Interestingly, from the location it looks like it's right at the northern edge
of the rupture patch of the 2010 Maule earthquake (8.8), which was at the
northern end of the 1960 ~9.4 earthquake (biggest on record). These earthquake
rupture patches are visible here[1]. The idea is that as the oceanic plate
subducts, the upper part of the subduction zone/fault/megathrust is locked,
i.e. the upper and lower plates are stuck together above 20-30 km, and elastic
stress and strain accumulate slowly. Then, this stress and strain is
sporadically released as earthquakes, but these don't rupture the entirety of
the fault. Instead, they happen in patches but an earthquake on one part of
the fault adds more shear stress to the adjacent parts of the fault that
didn't rupture. This basically steps the clock forward on the adjacent part,
so it ruptures next. In this way, the displacement accumulated along a big
fault over centuries or millennia is released in a relatively shorter
timespan, then a long period of quiescence sets in.

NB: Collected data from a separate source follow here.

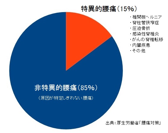 요통 중 골절, 감염증, 암, 변성 질환 등 원인이 명확하게 밝혀진 경우를 특이적 요통이라고 한다. 이는 전체 요통의 약 15% 정도를 차지한다[145][145]. 나머지 85%는 원인이 뚜렷하지 않은 비특이적 요통이다. 특이적 요통은 영상 검사 등에서 발견된 이상 소견이 요통의 직접적인 원인일 가능성이 있지만, 영상 소견과 실제 통증이 항상 일치하는 것은 아니므로 진단에 주의가 필요하다[147]. 때로는 통증의 원인이 허리 자체의 문제가 아니라, 허리 주변에 위치한 소화기나 비뇨기 계통 장기의 질병일 수도 있다[146].
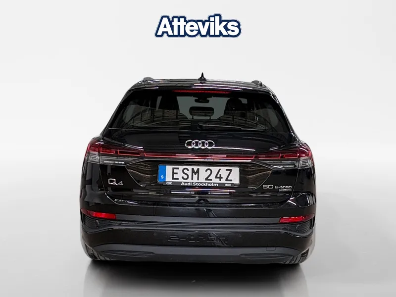 Drömmer du om en elbil som kombinerar kraft, stil och premiumkänsla på riktigt? Audi Q4 50 e-tron quattro levererar med sina 299 hästkrafter och fyrhjulsdrift en både trygg och imponerande körupplevelse året runt. Den svarta lacken tillsammans med svart optik ger ett sportigt och exklusivt uttryck som verkligen sticker ut. Invändigt möts du av en modern och komfortabel miljö med Proline Advanced, där teknik och körglädje står i fokus. Den tysta och responsiva eldriften gör varje resa smidig och behaglig, samtidigt som du kör mer hållbart. Med dragkrok blir bilen dessutom lika praktisk som stilren – perfekt för både vardag och fritid. Alla våra bilar är testade och Varudeklarerade! För mer information eller bokning av provkörning (ring innan ni kommer) Kontakta säljare Kim Svensson kim.svensson@atteviks.se alt. 036-34 88 75. Vi tillhandahåller förmånlig finansiering, garanti och försäkring. Trygghetsgaranti 12/24/36 månader. Max 20.000mil / 10 År Uppläggnings- och administrationsavgift 995kr tillkommer. Varmt välkommen till Atteviks Audi Jönköping! Öppettider | Mån-Fre 9-18, Lördag 10-14|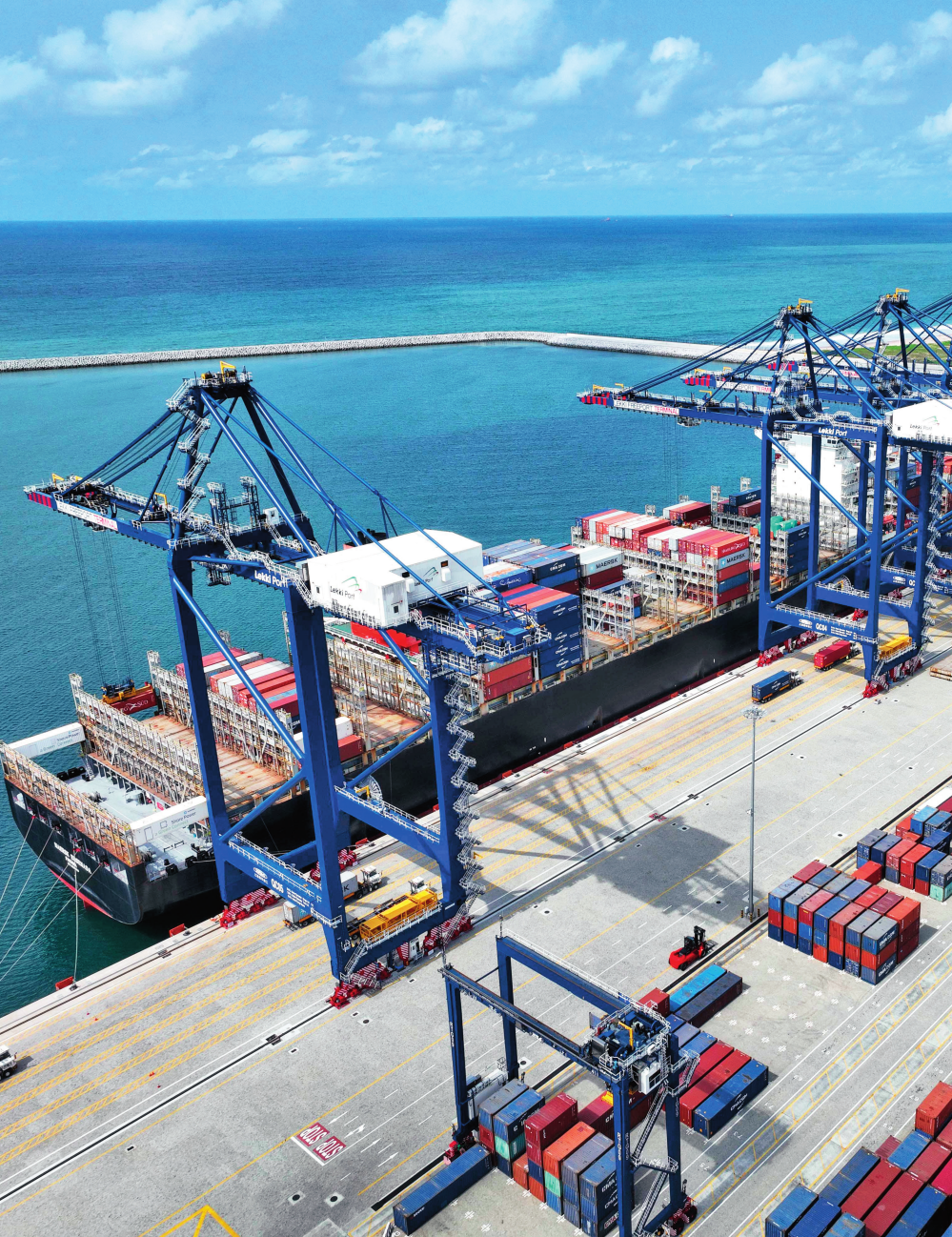 由中國港灣工程有限責任公司承建的尼日利亞萊基深水港位于中尼合作建設的拉各斯萊基自貿區(qū)內,是尼日利亞首個現(xiàn)代化深水港和最大港口。圖為一艘貨輪在尼日利亞拉各斯萊基深水港裝卸集裝箱(2024 年 3 月 11 日攝)萊基港公司供圖

That's a theory, anyway, and it's almost certainly right in some places, some
of the time.

A big research question for some (not necessarily funding agencies) is
figuring out whether the shear stress released in these big earthquakes is a
big or a small part of the accumulated background stress (stress is nigh
impossible to measure directly). If most of the shear stress is released,
it'll be a long time before another earthquake can occur on a given fault
segment, but if only a little bit is released, then the potential energy is
still there for another earthquake and it can happen again quicker than the
full plate reloading time. From a statistical perspective, a full stress
release may correspond to periodic earthquakes while a partial release may
correspond to a more random (i.e. Poisson) recurrence pattern.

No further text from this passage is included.